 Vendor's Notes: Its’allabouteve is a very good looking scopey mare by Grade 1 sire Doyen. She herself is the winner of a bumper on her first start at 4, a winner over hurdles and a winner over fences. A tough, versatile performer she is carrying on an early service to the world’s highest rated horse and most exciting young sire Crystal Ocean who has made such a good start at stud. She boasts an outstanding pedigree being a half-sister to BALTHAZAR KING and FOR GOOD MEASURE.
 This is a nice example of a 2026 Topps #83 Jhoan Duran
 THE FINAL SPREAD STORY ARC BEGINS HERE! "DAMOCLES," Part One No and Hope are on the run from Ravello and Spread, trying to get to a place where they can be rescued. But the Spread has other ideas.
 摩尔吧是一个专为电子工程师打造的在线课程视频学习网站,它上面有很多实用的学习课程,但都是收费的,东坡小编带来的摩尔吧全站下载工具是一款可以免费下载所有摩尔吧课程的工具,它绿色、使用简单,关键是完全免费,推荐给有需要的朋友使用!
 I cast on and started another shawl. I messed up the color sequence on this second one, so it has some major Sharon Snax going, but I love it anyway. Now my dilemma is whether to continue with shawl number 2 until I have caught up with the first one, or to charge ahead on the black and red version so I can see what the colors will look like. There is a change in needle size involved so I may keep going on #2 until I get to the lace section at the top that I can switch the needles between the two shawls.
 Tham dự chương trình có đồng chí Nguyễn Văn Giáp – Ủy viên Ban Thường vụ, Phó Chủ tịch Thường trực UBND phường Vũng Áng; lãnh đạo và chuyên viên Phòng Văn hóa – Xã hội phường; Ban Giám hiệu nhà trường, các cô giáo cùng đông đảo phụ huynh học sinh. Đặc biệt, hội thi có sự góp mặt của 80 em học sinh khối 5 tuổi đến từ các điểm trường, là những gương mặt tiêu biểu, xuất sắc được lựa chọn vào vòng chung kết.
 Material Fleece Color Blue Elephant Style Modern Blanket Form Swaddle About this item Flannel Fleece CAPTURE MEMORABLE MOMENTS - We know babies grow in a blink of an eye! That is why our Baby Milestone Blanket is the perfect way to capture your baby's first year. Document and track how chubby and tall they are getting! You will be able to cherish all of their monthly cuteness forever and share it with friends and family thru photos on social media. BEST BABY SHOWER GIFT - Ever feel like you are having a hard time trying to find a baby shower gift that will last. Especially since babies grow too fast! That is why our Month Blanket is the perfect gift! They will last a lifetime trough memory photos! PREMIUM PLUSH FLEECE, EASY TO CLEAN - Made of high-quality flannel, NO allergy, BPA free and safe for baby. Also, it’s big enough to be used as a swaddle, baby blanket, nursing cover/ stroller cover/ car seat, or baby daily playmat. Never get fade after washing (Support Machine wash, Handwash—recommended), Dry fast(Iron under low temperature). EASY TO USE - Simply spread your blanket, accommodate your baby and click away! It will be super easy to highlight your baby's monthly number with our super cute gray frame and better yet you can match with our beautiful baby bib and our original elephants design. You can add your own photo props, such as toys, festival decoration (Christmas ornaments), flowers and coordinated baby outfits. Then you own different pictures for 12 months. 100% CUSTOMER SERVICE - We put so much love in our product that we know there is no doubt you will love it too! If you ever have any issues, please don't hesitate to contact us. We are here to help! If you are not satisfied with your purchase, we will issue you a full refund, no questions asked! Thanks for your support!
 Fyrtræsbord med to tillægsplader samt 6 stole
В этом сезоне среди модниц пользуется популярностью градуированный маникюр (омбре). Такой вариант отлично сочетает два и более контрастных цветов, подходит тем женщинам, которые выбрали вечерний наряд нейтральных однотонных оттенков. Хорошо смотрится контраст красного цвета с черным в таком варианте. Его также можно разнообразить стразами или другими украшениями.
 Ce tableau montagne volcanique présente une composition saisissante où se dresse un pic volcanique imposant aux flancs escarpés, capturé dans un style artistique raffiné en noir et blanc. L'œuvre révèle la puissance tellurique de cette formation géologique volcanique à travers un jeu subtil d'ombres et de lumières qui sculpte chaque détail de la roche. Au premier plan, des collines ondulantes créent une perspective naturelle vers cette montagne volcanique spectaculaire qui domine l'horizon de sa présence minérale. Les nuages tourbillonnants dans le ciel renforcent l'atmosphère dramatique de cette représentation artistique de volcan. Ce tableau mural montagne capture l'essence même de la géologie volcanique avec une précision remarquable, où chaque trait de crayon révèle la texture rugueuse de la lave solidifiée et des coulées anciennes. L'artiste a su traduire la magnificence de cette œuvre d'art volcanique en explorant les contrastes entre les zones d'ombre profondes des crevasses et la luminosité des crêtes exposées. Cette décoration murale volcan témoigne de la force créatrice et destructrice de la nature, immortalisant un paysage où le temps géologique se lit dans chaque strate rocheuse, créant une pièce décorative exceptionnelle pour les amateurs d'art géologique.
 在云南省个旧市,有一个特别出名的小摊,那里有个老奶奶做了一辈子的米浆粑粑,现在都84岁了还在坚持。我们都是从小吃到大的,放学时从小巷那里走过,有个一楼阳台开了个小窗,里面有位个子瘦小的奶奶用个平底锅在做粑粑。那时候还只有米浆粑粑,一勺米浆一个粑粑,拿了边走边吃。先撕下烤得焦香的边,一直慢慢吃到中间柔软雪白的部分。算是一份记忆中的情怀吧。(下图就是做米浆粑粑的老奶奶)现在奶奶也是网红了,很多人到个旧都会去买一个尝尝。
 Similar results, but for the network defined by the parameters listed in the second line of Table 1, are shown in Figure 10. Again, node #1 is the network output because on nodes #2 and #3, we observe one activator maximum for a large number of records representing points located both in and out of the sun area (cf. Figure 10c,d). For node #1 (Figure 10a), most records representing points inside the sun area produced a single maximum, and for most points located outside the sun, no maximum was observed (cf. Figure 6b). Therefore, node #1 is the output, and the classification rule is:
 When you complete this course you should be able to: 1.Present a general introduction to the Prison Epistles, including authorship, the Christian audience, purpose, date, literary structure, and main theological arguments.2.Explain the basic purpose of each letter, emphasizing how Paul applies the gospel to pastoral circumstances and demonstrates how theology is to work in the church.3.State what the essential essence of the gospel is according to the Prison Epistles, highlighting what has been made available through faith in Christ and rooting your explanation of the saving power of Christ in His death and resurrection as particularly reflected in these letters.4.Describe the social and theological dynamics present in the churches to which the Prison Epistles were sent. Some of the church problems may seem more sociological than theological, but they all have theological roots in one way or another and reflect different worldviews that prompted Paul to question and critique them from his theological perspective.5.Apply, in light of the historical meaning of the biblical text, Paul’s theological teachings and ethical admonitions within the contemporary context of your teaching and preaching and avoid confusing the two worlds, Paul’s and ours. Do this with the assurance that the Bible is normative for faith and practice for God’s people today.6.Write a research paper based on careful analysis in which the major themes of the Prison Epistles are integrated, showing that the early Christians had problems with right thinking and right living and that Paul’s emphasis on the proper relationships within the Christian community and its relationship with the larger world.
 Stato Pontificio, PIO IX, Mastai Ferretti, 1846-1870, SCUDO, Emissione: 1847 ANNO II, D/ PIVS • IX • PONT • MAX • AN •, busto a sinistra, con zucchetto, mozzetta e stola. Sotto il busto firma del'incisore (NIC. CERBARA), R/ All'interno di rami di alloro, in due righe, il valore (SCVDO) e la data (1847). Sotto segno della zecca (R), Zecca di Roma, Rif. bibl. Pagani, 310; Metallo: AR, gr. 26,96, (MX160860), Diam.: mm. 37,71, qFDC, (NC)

----------------

** YOUR ASSIGNMENT **
Every line in the data above that includes the word "most" should be copied.

** ANSWER AREA **
 Vendor's Notes: Its’allabouteve is a very good looking scopey mare by Grade 1 sire Doyen. She herself is the winner of a bumper on her first start at 4, a winner over hurdles and a winner over fences. A tough, versatile performer she is carrying on an early service to the world’s highest rated horse and most exciting young sire Crystal Ocean who has made such a good start at stud. She boasts an outstanding pedigree being a half-sister to BALTHAZAR KING and FOR GOOD MEASURE.
 Similar results, but for the network defined by the parameters listed in the second line of Table 1, are shown in Figure 10. Again, node #1 is the network output because on nodes #2 and #3, we observe one activator maximum for a large number of records representing points located both in and out of the sun area (cf. Figure 10c,d). For node #1 (Figure 10a), most records representing points inside the sun area produced a single maximum, and for most points located outside the sun, no maximum was observed (cf. Figure 6b). Therefore, node #1 is the output, and the classification rule is:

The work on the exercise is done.